Abstract

Juvenile hormone (JH) exerts major pleiotropic effects on cockroach development and reproduction. The production of JH by the corpora allata (CA) in the adult female German cockroach, Blattella germanica, is dependent upon and modulated by both internal and environmental stimuli. Mating, intake of high-quality food, social interactions, and the presence of vitellogenic ovaries facilitate JH synthesis. Conversely, starvation, deficient diets, enforced virginity, isolation, and a pre- or post-vitellogenic ovary cause the CA to produce less JH. Sensory stimulation of the genital vestibulum by the ootheca also inhibits the CA via signals that ascend the ventral nerve cord.

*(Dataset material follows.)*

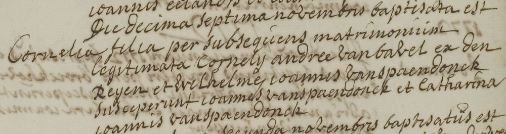 Dan is de akte van ondertrouw te Dongen van 23 november 1771 heel wat duidelijker. Cornelis Andries van Bavel verklaart vader te zijn van het kind waarvan de a.s. bruid Willemijntje Janzen van Spaandonk op de 17 november 1771 is bevallen (DTB 38 Dongen scan 79):

All these stimulatory and inhibitory signals are integrated by the brain, and a preponderance of favorable signals results in a graded lifting of brain inhibition, permitting the synthesis and release of JH. The effects of inhibitory signals on JH biosynthesis can be lifted experimentally by severing nervous connections between the brain and the CA. Such an operation accelerates activation of the CA. Besides controlling gonadal maturation in females, JH concurrently regulates the production of sexual signals, including both attractant- and courtship-eliciting pheromones, and the behavioral expression of calling (pheromone release) and sexual receptivity. Although JH is required for the expression of copulatory readiness in female B. germanica, it appears that signals associated with copulation (spermatophore, sperm, accessory secretions) can inhibit this behavioral state even when titers of JH are permissive for receptivity. These observations suggest that JH might regulate sexual receptivity in females indirectly through other directives. In males, JH accelerates not only the onset of sexual readiness but also synthesis of accessory reproductive products. Lastly, we present a novel cockroach control strategy that is based on the intimate association between food intake and rising JH titers in B. germanica females. JH analogs cause abortion of fertile oothecae in gravid females. In turn, rising JH titers and vitellogenic oocytes induce feeding in females. With strategic placement of insecticidal baits and JH analogs, gravid females, which normally feed little and are difficult to control, can thus be effectively targeted for elimination. Arch. Insect Biochem. Physiol. 35:405–426, 1997. © 1997 Wiley-Liss, Inc.